[Given material Boundary: Start]

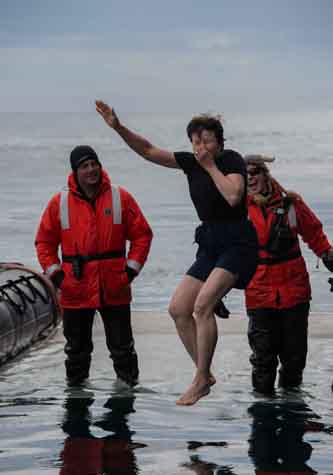 Soon, we are spotting more wildlife. An iguana is basking in the early morning sun. Small in size but long in name, a yellow-crowned brush-tailed rat peers out of its hole. Kingfishers rattle as they fly above while black-collared hawks scream at us. A beautiful red-and-orange flowered vine is attracting quite a lot of attention, and two species of monkey are feeding together. We silently sneak up in our kayaks to a bug-eating machine, an iridescent bluish-fronted jacamar. Sharp eyes spot a sloth, feeding on young leaves. Soon, it starts moving down, coming nearly to the ground and giving us our best views yet of a sloth. After a quick visit to a local village for some handicrafts, we make our way back to home sweet home, the Delfin II. As we are sipping fresh squeezed cocona juice, we watch capuchin and squirrel monkeys feeding beside the ship.
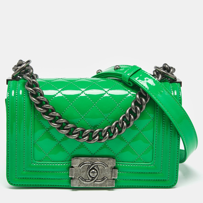 Chanel Green Quilted Patent Leather Small Boy Flap Bag 1187839 (зелёный, lpn30725512)
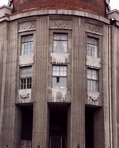 Anyway, back to the unrestored building. Notice the Soviet symbols near the top.
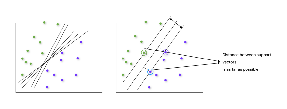 Включает несколько алгоритмов, которые классифицируют объекты в гиперплоскости, разделяемую векторами. И задача системы — найти наиболее правильное расположение линии в плоскости для лучшей классификации.

[Given material Boundary: End]

What the task asks: Return exactly the lines of the material above, starting at the line containing "Chanel Green Quilted" and finishing at the line containing "Anyway, back to", without any pictures.

Final answer:
 Chanel Green Quilted Patent Leather Small Boy Flap Bag 1187839 (зелёный, lpn30725512)
 Anyway, back to the unrestored building. Notice the Soviet symbols near the top.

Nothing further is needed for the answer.